-- DATA UNDER STUDY follows --
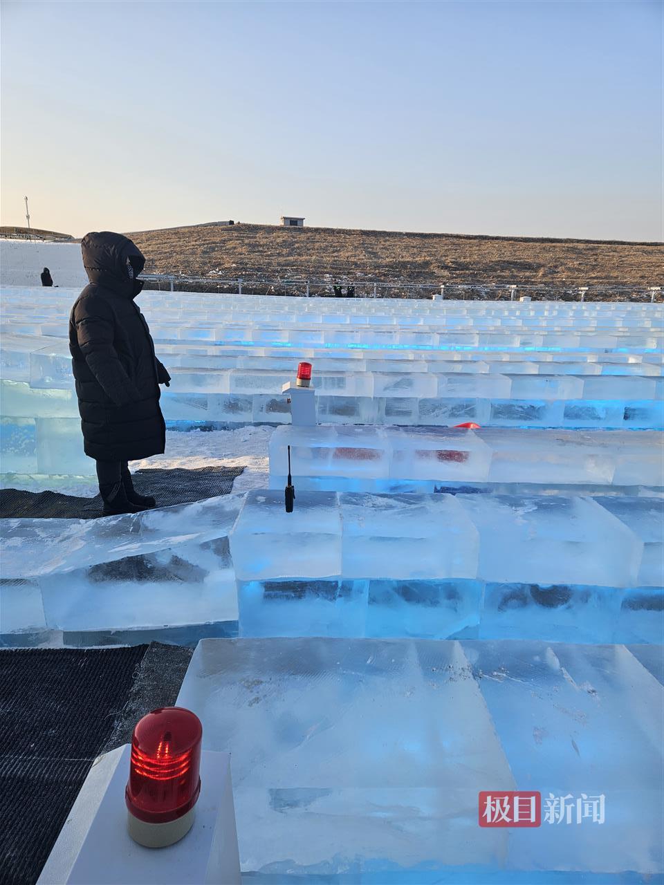 极目新闻记者在超级冰滑梯的下站口看到,一条条滑道由冰砖堆砌而成,坐在滑轮车上的游客顺着坡道滑下,每个滑道的末端均铺设了长度二十多米的防滑减速绒布。同时,每条滑道的末端均有一名工作人员,负责照看游客和收集滑轮车。工作人员每隔两个小时换一班岗,轮流值守保障场地平稳和游客安全。
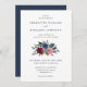 Faire-part de mariage floral bleu marine et bordeaux personnalisée avec un arrangement floral sur un arrière - plan blanc clair. Personnalisez facilement en ligne. Objets assortis disponibles pour compléter ces invitations de mariage bleu marine et bordeaux. Pour des demandes personnalisées, veuillez nous contacter via Zazzle conversation disponible sur la page produit.
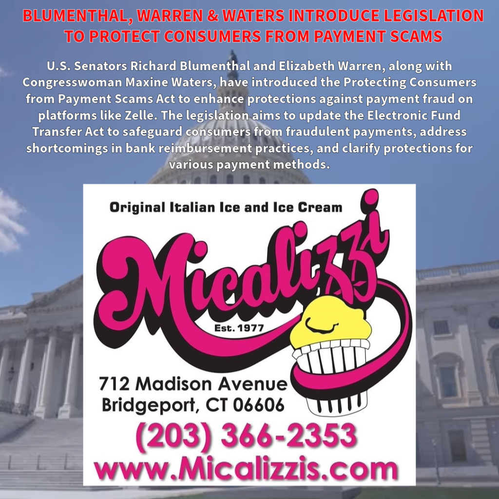 [Hartford, CT] – Today, U.S. Senators Richard Blumenthal (D-CT), Chairman of the Senate Permanent Subcommittee on Investigations, and Elizabeth Warren (D-MA) joined Congresswoman Maxine Waters (D-CA), Ranking Member of the House Financial Services Committee, to announce introduction of the Protecting Consumers from Payment Scams Act, legislation to better protect consumers making online payments through digital payment platforms like Zelle.
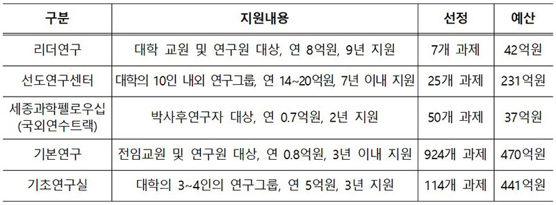 한편 과기정통부는 리더연구와 선도연구센터 외에도 올해 신설해 국가전략기술 분야 우수한 박사후연구자의 국외연수를 지원하는 세종과학펠로우십 국외연수트랙의 50개 과제를 지원한다.
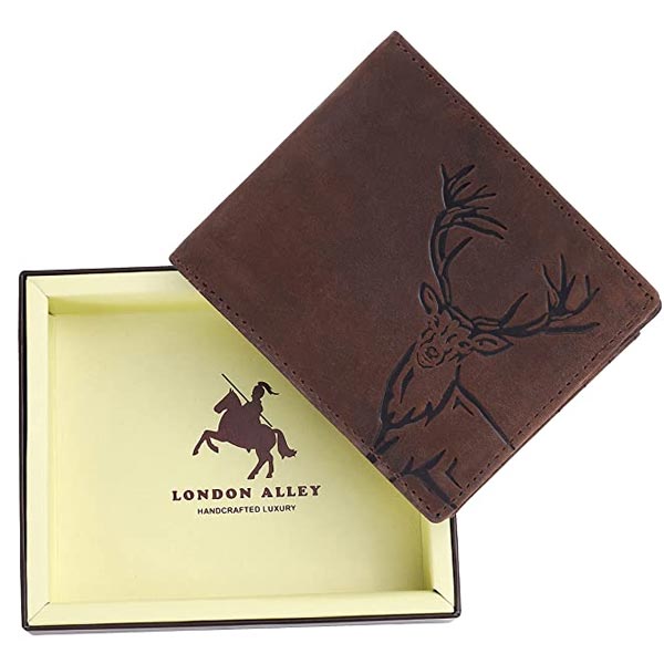 LONDON ALLEY Elk Vintage Brown RFID Blocking Men's Leather Wallet
-- DATA UNDER STUDY concluded --
• [TASK DIRECTIONS]: Every line of the data above is to be repeated exactly; the images are to be left out.

• [EXERCISE SOLUTION]:
 极目新闻记者在超级冰滑梯的下站口看到,一条条滑道由冰砖堆砌而成,坐在滑轮车上的游客顺着坡道滑下,每个滑道的末端均铺设了长度二十多米的防滑减速绒布。同时,每条滑道的末端均有一名工作人员,负责照看游客和收集滑轮车。工作人员每隔两个小时换一班岗,轮流值守保障场地平稳和游客安全。
 Faire-part de mariage floral bleu marine et bordeaux personnalisée avec un arrangement floral sur un arrière - plan blanc clair. Personnalisez facilement en ligne. Objets assortis disponibles pour compléter ces invitations de mariage bleu marine et bordeaux. Pour des demandes personnalisées, veuillez nous contacter via Zazzle conversation disponible sur la page produit.
 [Hartford, CT] – Today, U.S. Senators Richard Blumenthal (D-CT), Chairman of the Senate Permanent Subcommittee on Investigations, and Elizabeth Warren (D-MA) joined Congresswoman Maxine Waters (D-CA), Ranking Member of the House Financial Services Committee, to announce introduction of the Protecting Consumers from Payment Scams Act, legislation to better protect consumers making online payments through digital payment platforms like Zelle.
 한편 과기정통부는 리더연구와 선도연구센터 외에도 올해 신설해 국가전략기술 분야 우수한 박사후연구자의 국외연수를 지원하는 세종과학펠로우십 국외연수트랙의 50개 과제를 지원한다.
 LONDON ALLEY Elk Vintage Brown RFID Blocking Men's Leather Wallet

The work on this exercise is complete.